In the future, we are also considering Megacorp Gestalt Empires, for your corporate drone needs, but whether we will have time to do that for 4.0 or later remains to be seen.

Corporate Branch Office Updates

For Branch Offices, we have a plethora of improvements ready for your enjoyment, courtesy of our ever industrious Mr.Cosmogone.

Branch office buildings are now all limited to 1 per planet and now give more appropriate jobs to the host planet. They also increase local trade production based on those jobs and their corporate resource output is in turn increased by local trade.

Most Corporate Civics now also give bonuses to a specific branch office building, increasing its trade value bonus and receiving Merchant jobs on their Capital from it.

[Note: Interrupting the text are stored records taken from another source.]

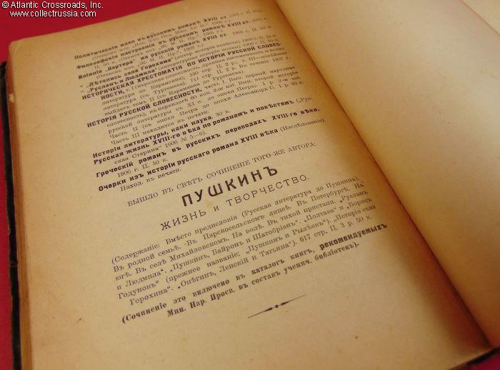 Measures 9" x 6.5", 250 pp., leatherette-bound hard cover. Russian text in pre-1917 reform orthography which contains currently obsolete letters. Published by Bros. Bashmakovy Publishers, St. Petersburg. This particular copy was originally sold by E. Bruns' Books and Pictures Store in Riga, Latvia. The book is very well-structured. After the preface opining on literature as a science and the role of Russian literature in general, the book elaborates on chronological period of Russian history as it reflects in literature from Kiev Rus of XI - XIII cc. and on to later periods with centers in north-eastern Russia and, finally, the "Moscow period" up to XVIII century.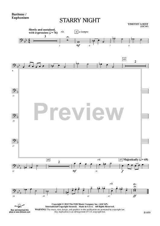 Digital Sheet Music for Starry Night - Baritone/Euphonium by Timothy Loest scored for Concert Band; id:455410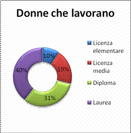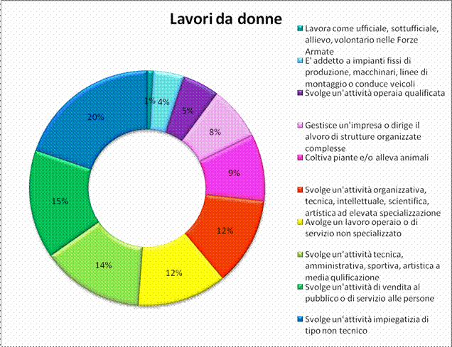 Le donne che lavorano sono in misura minore rispetto agli uomini ma che lavori svolgono? Prevalentemente quei lavori che la mentalità italiana considera da donne ma anche quei lavori tipicamente maschili che hanno suscitato molto scandalo. Le donne continuano ad affermarsi un po' in tutti i settori dimostrando di valere veramente, e molto spesso anche di più degli uomini.
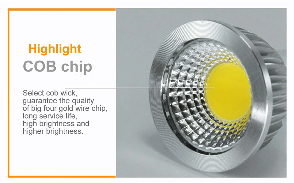 Технические характеристики: * Тип цоколя: G5.3/GU10/E14/E27 * Напряжение: 110 В ~ 240 В * Поддержка диммера: да или нет (вы можете выбрать!) * Материал корпуса: прочный, термостойкий, огнестойкий материал, алюминиевый корпус * Светодиодный чип: Cob * Светодиодный чип, Количество: 1 шт. * Угол луча (°): 60 ° * CRI: >80 * (Чип на плате) Срок службы: 50000 часов * Сертификаты: CE, ROHS, CCC * Светильник Цвет: теплый белый (2700-3500K); Холодный белый (6000-6500K) Особенности: * Ультра-Яркий Светодиодный точечный светильник. * Безопасный и эффективный. Лучший энергосбережения, низкое тепловыделение и нижняя потребеление энергии. * Вы можете отрегулировать светильник и выбрать наиболее подходящий светильник. * Длительный срок службы, высокая светоотдача. * Большое уменьшение выбросов углерода, экологически чистый. * Твердотельный, ударопрочный. Прочное термостойкое стекло. * Без VU и ИК-излучения. Не содержит свинца, ртуть и другие элементы загрязнения. * Подходит для домашнего использования, офиса, магазина, ресторана, выставок, залов, музейных отелей. Посылка: * 1*1 шт. точечный светильник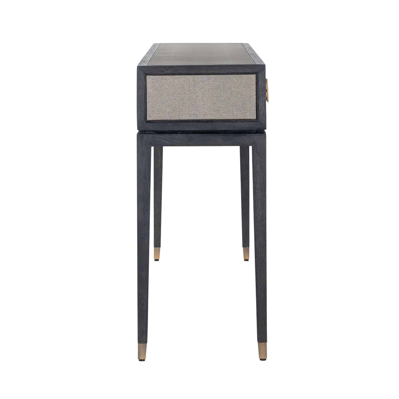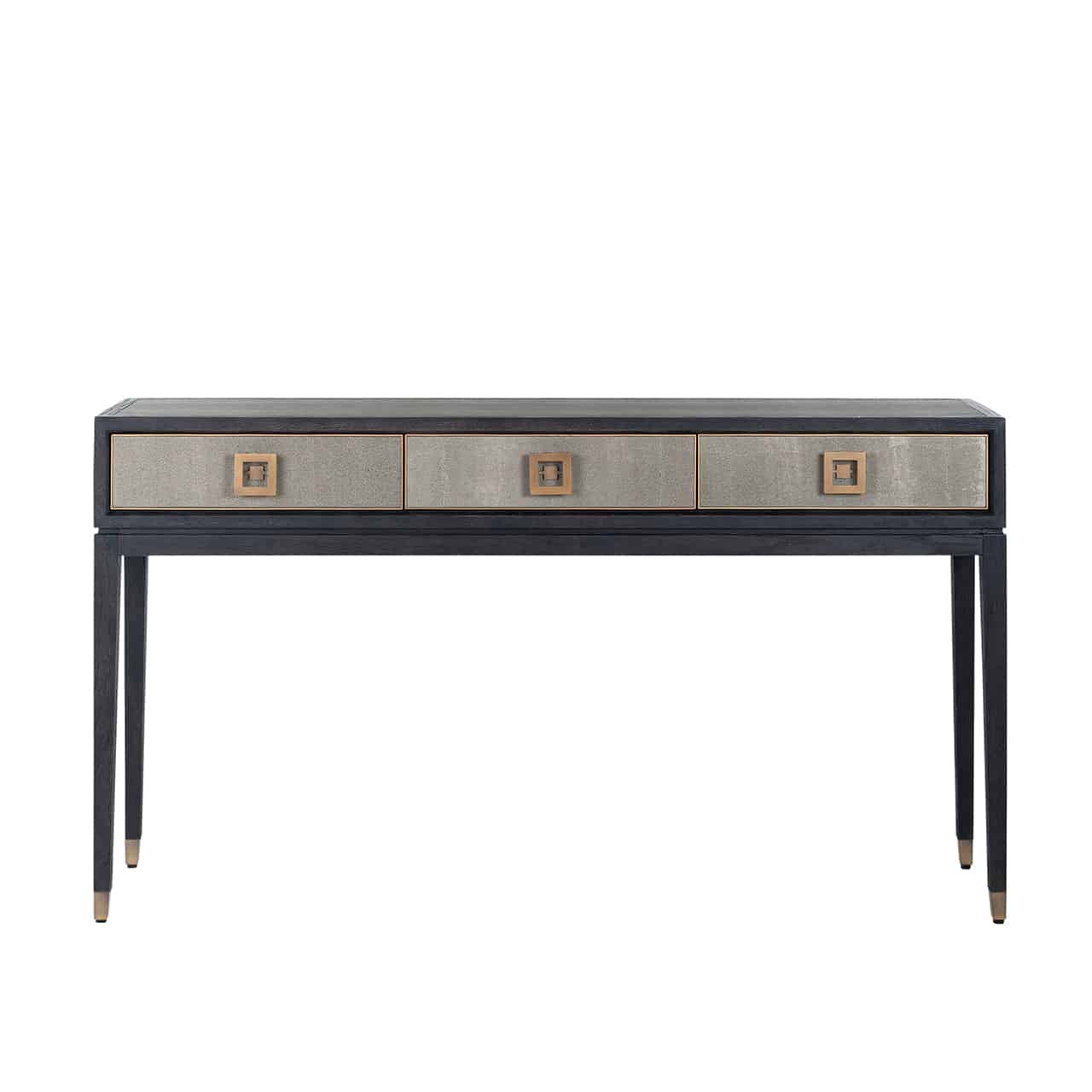 Richmond Interiors creëert stijlvolle meubelen en accessoires die net zo uniek zijn als jij. Elke collectie staat garant voor een moderne uitstraling met een chique touch. Dit zwart gebeitste eiken wandtafel gecombineerd met geometrisch gevormde, messingkleurige handgrepen en deuren zorgvuldig gedecoreerd met een replica van segrijnhuid, dat is de Bloomingville Collectie.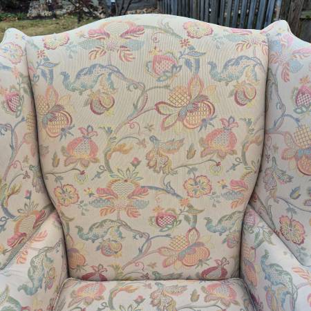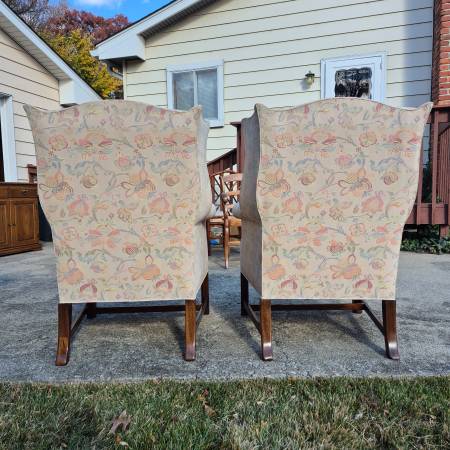 The chairs have a classic wingback form with rolled arms and chippendale style legs. The crewel style upholstery fabric features an lovely but subtle floral pattern on a neutral beige field. Signed Hickory Chair under the seats.
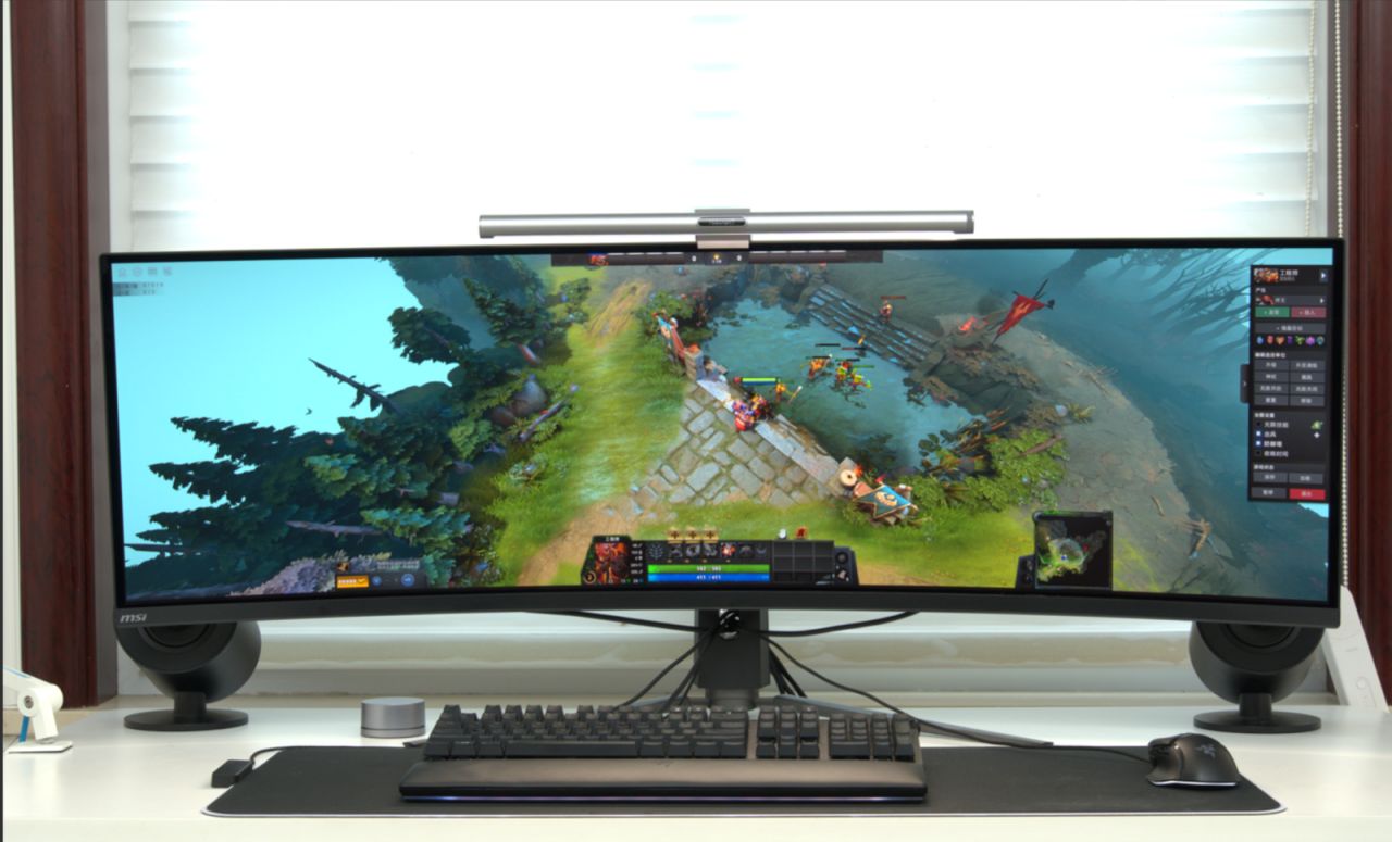 ▲首先,即使是《DOTA2》這種電競遊戲,也是支持32:9超寬顯示的,這點甚至有點物理外掛的意味了,大家可以明顯看出帶魚王屏幕的優勢了,對面塔後與英雄身後的都有更多廣闊的視野,能夠更早的發現敵人的增援與繞後偷襲,降低英雄被Gank情況的發生。

Numerous changes have been made to Criminal Syndicates:

  • Criminal Empires can now establish commercial pacts. Having a commercial pact with a Criminal Empire will replace all criminal buildings with their "lawful" counterpart. As long as the commercial pact remains, criminal branch offices will not be removed from the planet.
  • All Criminal branch office buildings have had their crime value set to 25 and give one Criminal Job alongside a regular Job.
  • We have also added a crime floor to non-criminal branch office buildings on empires they have a trade agreement with, which means there will always be a minimum amount of crime on the branch office planet. Criminal branch offices are also up to 25% more profitable on high crime planets.

Balance-wise, these buildings are more impactful, so branch office buildings now cost influence, and branch offices now take up 5 empire size instead of 2.

Oh, and we have also allowed Megacorps to open branch offices on other Megacorps... The influence cost is doubled when built on a planet owned by another Megacorp.

Mammalian Portraits​

Thanks, Gruntsatwork. Now a message from Content Design Lead @CGInglis :

And now my deer friends, one mooo-re surprise for you! The Stellaris 4.0 ‘Phoenix’ update brings ten paws-itively stunning new Mammalian portraits to the base game!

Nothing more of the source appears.